It is easy to take shots at FDroid but they are the ones attempting heaving lifting with chain of trust.
This is complete nonsense. They're not doing any heavy lifting and are making the situation much worse. They've introduced major usability issues and confusion by reusing app ids with their own signing keys. This does not provide a chain of trust but rather breaks it since the apps are not signed by the developers and securely provided to you but rather built on insecure server infrastructure but quite clearly untrustworthy people who do not care about security in the slightest but rather only going through the motions of pretending they do.
The stark truth is that people learn how to install, GOS, the most secure mobile OS in the world and then hit a wall when starting to install apps.
The main way to get Android apps is the Play Store and it works fine. A bunch of other options are available and it's not a GrapheneOS issue that those are quite fragmented.
The entire time it has been Github Dev crowd poking at FDroid and FDroid supporters poking back.
F-Droid is incredibly poorly designed and maintained. It's a complete security disaster. It's a usability disaster. It has never been a good option for obtaining apps and was always preventing progress in the space due to people focusing on it and not making something much better.

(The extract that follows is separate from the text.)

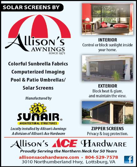 October 2023 19 Offices in the Northern Neck, Middle Peninsula, Williamsburg, Richmond, and Chesterfield. Member FDIC What does it mean when we say we go beyond banking? It means we believe a loan is more than a loan - it’s a way for a new family to turn a house into the place where a lifetime of memories will be made and shared for generations. And that’s something that goes way beyond just banking. Visit ches.bank to learn more. We go Beyond Banking because your goals go beyond banking 804-435-1126 nwpenergy.com/showroom ENTER THE LIGHT YOUR FIRE DRAWING FOR $1,000 $500 $250 Towards Any NWP Showroom Product, Service or Installation Fees. NWP has fireplace inserts and gas logs for your home. Tankless water heaters, too. Stop by the NWP Showroom at 3531 Irvington Road, Irvington, Monday through Friday, 8 to 5, and enter the Light Your Fire drawing. Go to nwpenergy.com/ showroom for drawing details and rules. Grand Prize Second Prize Third Prize 3531 Irvington Road, Irvington, Virginia 22480 POWERED BY NWP ENERGY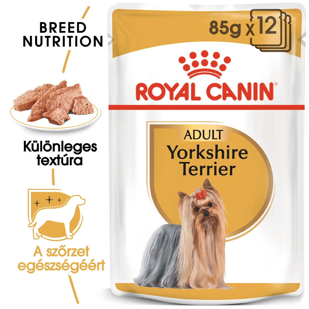 Royal Canin Yorkshire Terrier Adult Alutasakos Kutyaeledel • Egészséges szőrzet• Étvágyserkentő hatás• Jó bélsárminőségA yorkshire terrierek vagy „yorkik” természetüknél fogva kiegyensúlyozott vérmérsékletű, aktív és intelligens kutyák, tele energiával és életkedvvel.A yorkshire terrier legismertebb jellemzője a szembeötlően szép szőrzet. A ló szőrére emlékeztető szőrzet kivételesen finom és hosszú, és soha nem hagyja abba a növekedést. A yorki soha nem vedlik, és gyönyörű bundája különleges tápanyagokat igényel ahhoz, hogy puha és selymes maradjon.A ROYAL CANIN Yorkshire Terrier in Loaf (pástétom formájú) tápot kifejezetten a felnőtt yorkshire terrier tápanyagszükségleteinek szem előtt tartásával állították össze, és az 10 hónapos kor felett etethető.A ROYAL CANIN Yorkshire Terrier in Loaf (pástétom formájú) táp hozzájárul a bőr és a hosszú szőrzet egészségesen tartásához. A táp a gondosan kiválogatott, optimális hatású tápanyagok különleges elegyét tartalmazza annak érdekében, hogy segítsen a kutyának megőrizni fénylő és csillogó bundáját. A táp pontosan beállított tápanyagtartalma révén támogatja az egészséges emésztést is.Ezért a ROYAL CANIN Yorkshire Terrier in Loaf (pástétom formájú) táp állagát úgy alakították ki, hogy az fokozza a táp ízletességét és segítsen serkenteni a kutya étvágyát. Ennek az ízletes pástétomnak az illata és a puhasága megfelel még a legválogatósabb yorkshire terrierek ízlésének is!Az egyes kutyák egyedi ízlésének való megfelelés érdekében a ROYAL CANIN Yorkshire Terrier in Loaf (pástétom formájú) táp ropogós és ízletes tápszemcséjű száraz táp formájában is kapható.Ha Ön a nedves és a száraz táp kevert etetését fontolgatja, egyszerűen kövesse etetési útmutatónkat annak biztosítása érdekében, hogy kutyája az optimális előnyök érvényesülése érdekében pontosan a megfelelő mennyiségben kapja a nedves és a száraz tápot egyaránt.A ROYAL CANIN-nál mi elkötelezettek vagyunk amellett, hogy a kedvenc szükségleteinek megfelelő táplálási megoldásokat nyújtsunk. Minden termékünk átfogó minőségellenőrzési eljáráson esik át a tápok optimális minőségének biztosítása, illetve a kutya különleges diétás igényeinek és életmódjának való megfelelés érdekében. Ez azt jelenti, hogy az Ön ROYAL CANIN Yorkshire Terrier in Loaf (pástétom) tápot fogyasztó kutyája egy teljes értékű és kiegyensúlyozott tápot kap. Összetétel: Hús és állati származékok, növényi eredetű származékok, gabonafélék, ásványi anyagok, olajok és zsírokAnalitikai összetevők: Nyersfehérje: 8,7 %, Nyersrost: 1,3 %, Zsírtartalom: 6,1 %, Nyershamu: 2,3 %, Nedvesség: 78,0 %Tápértékkel rendelkező adalékanyagok/kg: D3-vitamin: 160 NE, Vas (3b103): 11 mg, Jód (3b202): 0,19 mg, Réz (3b405, 3b406): 1,5 mg, Mangán (3b502, 3b503, 3b504): 3,2 mg, Cink (3b603, 3b605, 3b606): 32 mgTechnológiai adalékanyagok/kg: Üledékes eredetű klinoptilolit: 2,2 g

F-Droid automatically downloads and builds code, so despite their false marketing it does not protect users from the developers in any real way. It often adds substantial delays for updates including security patches. Their builds have often rolled back dependency versions, signing scheme version and the SDK to much older versions with security flaws. They've consistently introduced security flaws to the apps. It adds additional trusted parties who have demonstrated a clear lack of trustworthiness including several of their core team members spreading fabricated stories and repeatedly engaging in cover ups. In what sense is this a safe way to get apps?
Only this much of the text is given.